The first neural network includes a first feedforward neural network and a second feedforward neural network, and the generation procedure includes:
After a vector is generated by aggregating each data constituting the first subset by the first feedforward neural network, the task vector is converted by converting the generated vector by the second feedforward neural network. The learning method according to claim 1, further comprising: generating a learning method.

The score calculation procedure is as follows:
A distance between a value obtained by linearly projecting the non-linearly transformed feature quantity vector with a linear projection vector ^w and a value obtained by linearly projecting the center vector with the linear projection vector ^w is calculated as the score. The learning method according to claim 1 or 2.

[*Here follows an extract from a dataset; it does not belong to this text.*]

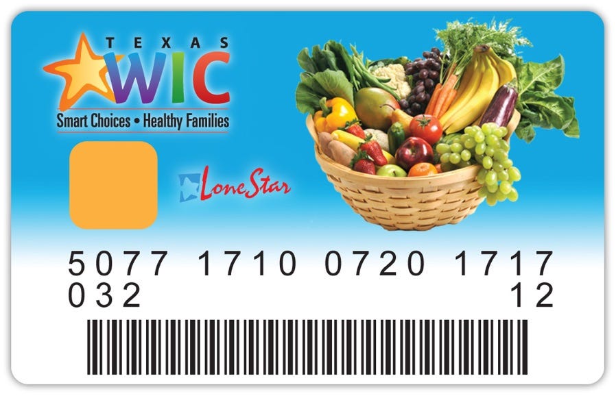 While many WIC programs use electronic cards (known as EBT cards) to disburse benefits, those cards typically lack the expiration date and CVV information that are de rigueur for credit and debit cards, as the prototypical Texas WIC card illustrates:

The linear projection vector ^w is such that the distance between the abnormal data among the data included in the first subset and the center vector is as far as possible, and the distance between the abnormal data among the data included in the first subset is as large as possible. 4. The learning method according to claim 3, wherein the vector is calculated so that the distance between normal data and the center vector is as close as possible.

The learning procedure is
The parameters of the first neural network and the second neural network are adjusted so that the index value is high, using either AUC, approximate AUC, negative cross-entropy error, or log likelihood as the index value. The learning method according to any one of claims 1 to 4, characterized in that the learning method comprises learning the parameters of.

Let {1,...,T} be a task set, and _Dt be a dataset consisting of data that includes at least a feature vector representing the characteristics of an example of task t∈{1,...,T}, an input section for inputting a dataset set D={D ₁ ,..., D _T };
Sample a task t from the task set {1,...,T}, and remove a first subset from the data set D _t of the task t and the first subset from the data set D _t . a sampling unit that samples a second subset from the set;
a generation unit that generates a task vector representing a property of the task t corresponding to the first subset using a first neural network;
a conversion unit that uses the task vector to nonlinearly transform a feature vector included in data forming the second subset using a second neural network;
a score calculation unit that calculates a score representing the degree of abnormality of the feature vector using the non-linearly transformed feature vector and a preset center vector;
a learning unit that uses the score to learn parameters of the first neural network and parameters of the second neural network so that an index value representing generalization performance of anomaly detection becomes high;
A learning device characterized by having.

A program that causes a computer to execute the learning method according to any one of claims 1 to 5.